EC opens infringement procedures against 12 Member States

The countries failed to transpose EU rules banning unfair trading practices

Photo: EPA

The European Commission opened infringement procedures against 12 Member States for failing to transpose EU rules banning unfair trading practices in the agri-food sector. The Commission sent letters of formal notice to Austria, Belgium, Cyprus, Czechia, Estonia, France, Italy, Poland, Portugal, Romania, Slovenia and Spain requesting them to adopt and notify the relevant measures. The Member States have now two months to reply.

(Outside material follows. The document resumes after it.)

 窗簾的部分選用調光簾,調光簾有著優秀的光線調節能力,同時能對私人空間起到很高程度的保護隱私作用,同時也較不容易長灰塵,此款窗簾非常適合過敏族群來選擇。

The Directive on unfair trading practices in the agricultural and food supply chain, adopted on 17 April 2019, ensures protection of all European farmers, as well as of small and mid-range suppliers, against 16 unfair trading practices from larger buyers in the food supply chain. The Directive covers agricultural and food products traded in the supply chain, banning for the first time at EU level such unfair practices imposed unilaterally by one trading partner on another.

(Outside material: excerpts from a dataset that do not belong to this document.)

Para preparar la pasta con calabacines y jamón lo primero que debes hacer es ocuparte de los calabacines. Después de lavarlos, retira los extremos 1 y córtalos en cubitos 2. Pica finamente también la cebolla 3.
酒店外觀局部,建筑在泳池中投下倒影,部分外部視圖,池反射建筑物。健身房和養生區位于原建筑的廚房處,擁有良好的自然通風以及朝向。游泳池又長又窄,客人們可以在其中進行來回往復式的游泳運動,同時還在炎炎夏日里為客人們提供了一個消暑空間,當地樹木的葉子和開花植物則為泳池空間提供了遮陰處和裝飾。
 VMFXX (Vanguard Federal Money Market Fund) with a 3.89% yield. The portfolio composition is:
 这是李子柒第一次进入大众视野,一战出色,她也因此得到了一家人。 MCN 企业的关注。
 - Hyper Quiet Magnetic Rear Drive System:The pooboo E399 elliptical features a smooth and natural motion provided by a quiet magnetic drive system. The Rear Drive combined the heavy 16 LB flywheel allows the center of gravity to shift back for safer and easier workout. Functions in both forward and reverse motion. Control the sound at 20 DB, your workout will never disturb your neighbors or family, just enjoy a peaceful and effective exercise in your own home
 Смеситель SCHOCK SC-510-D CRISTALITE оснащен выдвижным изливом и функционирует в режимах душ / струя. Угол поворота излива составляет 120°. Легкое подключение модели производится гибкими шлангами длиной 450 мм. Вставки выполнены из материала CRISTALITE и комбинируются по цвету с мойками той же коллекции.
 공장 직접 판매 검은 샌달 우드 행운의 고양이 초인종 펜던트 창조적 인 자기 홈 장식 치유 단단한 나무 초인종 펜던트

The deadline for transposing the Directive into national legislation was 1 May 2021.

Bulgaria, Croatia, Denmark, Finland, Germany, Greece, Hungary, Ireland, Latvia, Lithuania, Luxembourg, Malta, the Netherlands, Slovakia, and Sweden have notified to the Commission that they adopted all necessary measures for transposing the Directive, thus declaring the transposition complete. France and Estonia have informed that their legislation transposes only partially the Directive.

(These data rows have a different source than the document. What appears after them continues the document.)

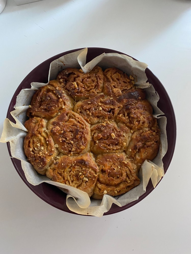Ennen ypsentämistä, voitele pullat kananmunalla ja ripoittele saksanpähkinöitä päälle. Kypsennä 200c uunissa yksittäisiä pullia 13-15 minuuttia, pullavuoka oli minulla uunissa 30 minuuttia, ja jäi sisältä hieman raa’aksi, kuten halusin. Jos siis haluat pullan kypsäksi, antaisin olla 35-45 minuuttia.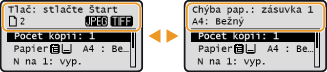 (Výber papiera/Nastavenia) vyberiete papier, ktorý chcete použiť v okne <Vybrať papier>. Toto tlačidlo môžete tiež stlačiť na zmenu nastavení papiera, keď vložíte papier s formátom alebo typom, ktorý sa líši od formátu alebo typu predtým vloženého papiera. Majte na pamäti, že nastavenie papiera musí byť špecifikované správne, aby sa papier podával správne.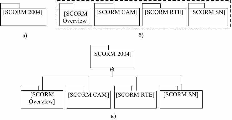 б) набором моделей, соответствующих частям (книгам) SCORM;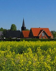 Am 4. Juli 1862 zerstörte ein Blitzschlag den alten gedrungenen Kirchturm. Der neue 42 Meter hohe Kirchturm wurde 1866 auf einem massiven Backsteinsockel aus Holz gearbeitet. Er ist weithin in der Marsch sichtbar.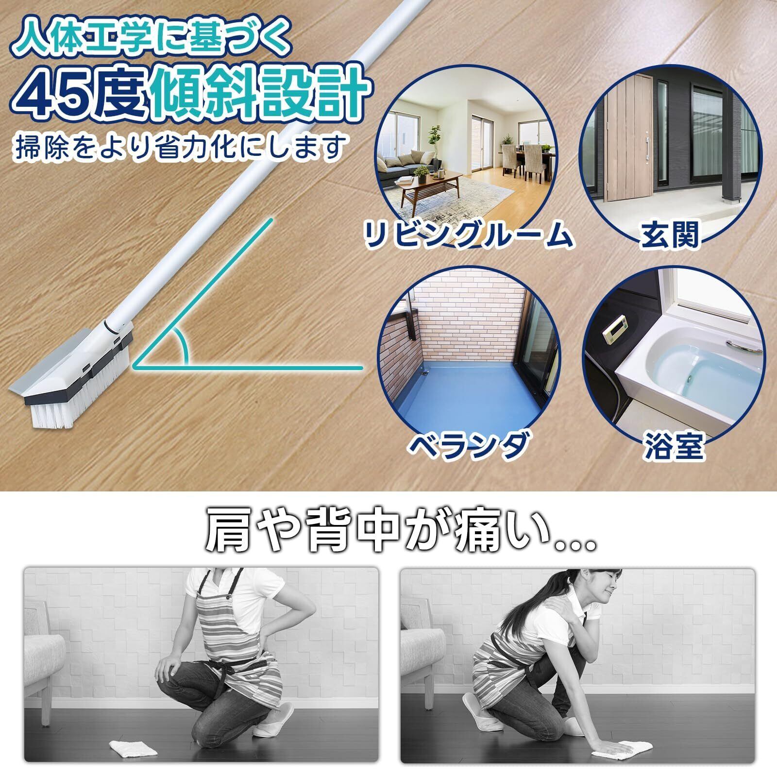 【人間工学に基づいた設計】デッキブラシは人間工学に基づいた45度の傾き設計で、掃除中膝や背中が痛らず、家事をする時の疲れを軽減してくれます。ブラシのハンドルは35cm、75cm、113cmの三段設計で、身長や作業場に応じで長さを調整できます。高い窓や低い床でも手軽く掃除できます。

This Directive on unfair trading practices in the agricultural and food supply chain contributes to strengthening the farmers' position in the food supply chain. The 16 unfair trading practices to be banned include, among others: late payments and last minute order cancellations for perishable food products; unilateral or retroactive changes to contracts; forcing the supplier to pay for wasted products; and refusing written contracts.

In line with the Directive, farmers and small and medium sized suppliers, as well as the organisations representing them, will have the possibility to file complaints against such practices from their buyers. Member States should put in place designated national authorities that will handle the complaints. Confidentiality is protected under these rules to avoid any possible retaliation from buyers.